Distinct signatures of calcium activity in brain mural cells

eLife, Vol. 10 (2021)

Mots clés
Auteurs
  • Chaim Glück
  • Institute of Pharmacology and Toxicology, University of Zurich, Zürich, Switzerland; Neuroscience Center Zurich, University and ETH Zurich, Zurich, Switzerland
  • Kim David Ferrari
  • Institute of Pharmacology and Toxicology, University of Zurich, Zürich, Switzerland; Neuroscience Center Zurich, University and ETH Zurich, Zurich, Switzerland
  • Noemi Binini
  • Institute of Pharmacology and Toxicology, University of Zurich, Zürich, Switzerland; Neuroscience Center Zurich, University and ETH Zurich, Zurich, Switzerland
  • Annika Keller
  • Neuroscience Center Zurich, University and ETH Zurich, Zurich, Switzerland; Department of Neurosurgery, University of Zurich, Schlieren, Switzerland
  • Aiman S Saab
  • Institute of Pharmacology and Toxicology, University of Zurich, Zürich, Switzerland; Neuroscience Center Zurich, University and ETH Zurich, Zurich, Switzerland
  • Jillian L Stobart
  • Institute of Pharmacology and Toxicology, University of Zurich, Zürich, Switzerland; Rady Faculty of Health Sciences, College of Pharmacy, Winnipeg, Canada
  • Bruno Weber
  • Institute of Pharmacology and Toxicology, University of Zurich, Zürich, Switzerland; Neuroscience Center Zurich, University and ETH Zurich, Zurich, Switzerland

Résumé

Pericytes have been implicated in various neuropathologies, yet little is known about their function and signaling pathways in health.
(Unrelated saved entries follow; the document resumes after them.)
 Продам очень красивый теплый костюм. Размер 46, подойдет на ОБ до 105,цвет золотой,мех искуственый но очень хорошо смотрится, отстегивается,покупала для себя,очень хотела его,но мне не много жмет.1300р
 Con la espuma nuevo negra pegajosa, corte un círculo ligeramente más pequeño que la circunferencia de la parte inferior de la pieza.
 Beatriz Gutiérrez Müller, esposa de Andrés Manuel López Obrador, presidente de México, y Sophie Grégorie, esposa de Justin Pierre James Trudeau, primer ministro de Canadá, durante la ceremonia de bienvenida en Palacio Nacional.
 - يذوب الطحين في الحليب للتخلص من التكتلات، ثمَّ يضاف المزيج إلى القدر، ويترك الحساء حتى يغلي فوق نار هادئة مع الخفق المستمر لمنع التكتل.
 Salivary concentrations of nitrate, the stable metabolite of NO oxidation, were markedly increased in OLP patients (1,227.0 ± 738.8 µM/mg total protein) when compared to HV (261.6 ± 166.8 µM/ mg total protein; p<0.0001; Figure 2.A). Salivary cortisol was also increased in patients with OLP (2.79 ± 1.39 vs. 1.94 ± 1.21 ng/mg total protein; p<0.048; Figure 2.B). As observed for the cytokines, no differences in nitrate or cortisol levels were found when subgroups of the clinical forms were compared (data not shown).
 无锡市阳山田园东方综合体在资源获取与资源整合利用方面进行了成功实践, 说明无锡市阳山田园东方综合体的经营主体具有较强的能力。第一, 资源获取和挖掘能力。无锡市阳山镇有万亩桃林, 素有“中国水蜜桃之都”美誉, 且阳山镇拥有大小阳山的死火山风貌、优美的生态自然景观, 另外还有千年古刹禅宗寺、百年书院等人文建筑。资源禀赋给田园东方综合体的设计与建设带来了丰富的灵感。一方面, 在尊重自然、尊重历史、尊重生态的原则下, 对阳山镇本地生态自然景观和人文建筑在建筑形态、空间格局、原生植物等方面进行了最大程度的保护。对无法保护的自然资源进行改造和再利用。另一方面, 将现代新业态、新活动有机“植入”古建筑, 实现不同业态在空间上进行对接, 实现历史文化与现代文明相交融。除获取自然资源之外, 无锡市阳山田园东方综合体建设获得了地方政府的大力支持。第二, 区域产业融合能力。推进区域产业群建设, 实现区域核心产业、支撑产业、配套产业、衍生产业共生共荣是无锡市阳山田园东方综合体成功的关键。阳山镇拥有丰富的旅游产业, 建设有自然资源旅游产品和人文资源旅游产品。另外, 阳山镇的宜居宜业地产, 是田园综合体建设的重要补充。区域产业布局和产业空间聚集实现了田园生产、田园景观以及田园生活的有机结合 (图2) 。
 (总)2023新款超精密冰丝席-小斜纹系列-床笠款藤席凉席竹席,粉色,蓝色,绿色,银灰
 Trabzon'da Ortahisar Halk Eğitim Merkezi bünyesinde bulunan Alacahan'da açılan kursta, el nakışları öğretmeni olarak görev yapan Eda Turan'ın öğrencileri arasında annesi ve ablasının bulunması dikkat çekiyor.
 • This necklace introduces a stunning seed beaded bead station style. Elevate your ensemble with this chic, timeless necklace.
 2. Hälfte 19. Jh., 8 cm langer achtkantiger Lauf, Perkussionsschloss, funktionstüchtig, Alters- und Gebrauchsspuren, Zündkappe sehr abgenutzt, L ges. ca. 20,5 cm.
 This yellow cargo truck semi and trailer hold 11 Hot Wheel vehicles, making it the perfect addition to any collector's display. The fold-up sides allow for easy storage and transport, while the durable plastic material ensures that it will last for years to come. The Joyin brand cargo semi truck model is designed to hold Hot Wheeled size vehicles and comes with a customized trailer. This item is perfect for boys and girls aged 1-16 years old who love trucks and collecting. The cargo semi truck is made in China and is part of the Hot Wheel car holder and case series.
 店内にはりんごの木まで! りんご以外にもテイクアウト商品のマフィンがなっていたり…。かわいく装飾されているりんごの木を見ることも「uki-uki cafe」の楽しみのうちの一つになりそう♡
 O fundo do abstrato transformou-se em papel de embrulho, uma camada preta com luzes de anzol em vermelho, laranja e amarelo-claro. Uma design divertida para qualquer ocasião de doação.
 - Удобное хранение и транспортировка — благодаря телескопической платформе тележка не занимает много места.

Here, we characterized calcium dynamics of cortical mural cells in anesthetized or awake Pdgfrb-CreERT2;Rosa26< LSL-GCaMP6s > mice and in acute brain slices. Smooth muscle cells (SMCs) and ensheathing pericytes (EPs), also named as terminal vascular SMCs, revealed similar calcium dynamics in vivo. In contrast, calcium signals in capillary pericytes (CPs) were irregular, higher in frequency, and occurred in cellular microdomains. In the absence of the vessel constricting agent U46619 in acute slices, SMCs and EPs revealed only sparse calcium signals, whereas CPs retained their spontaneous calcium activity. Interestingly, chemogenetic activation of neurons in vivo and acute elevations of extracellular potassium in brain slices strongly decreased calcium activity in CPs. We propose that neuronal activation and an extracellular increase in potassium suppress calcium activity in CPs, likely mediated by Kir2.2 and KATP channels.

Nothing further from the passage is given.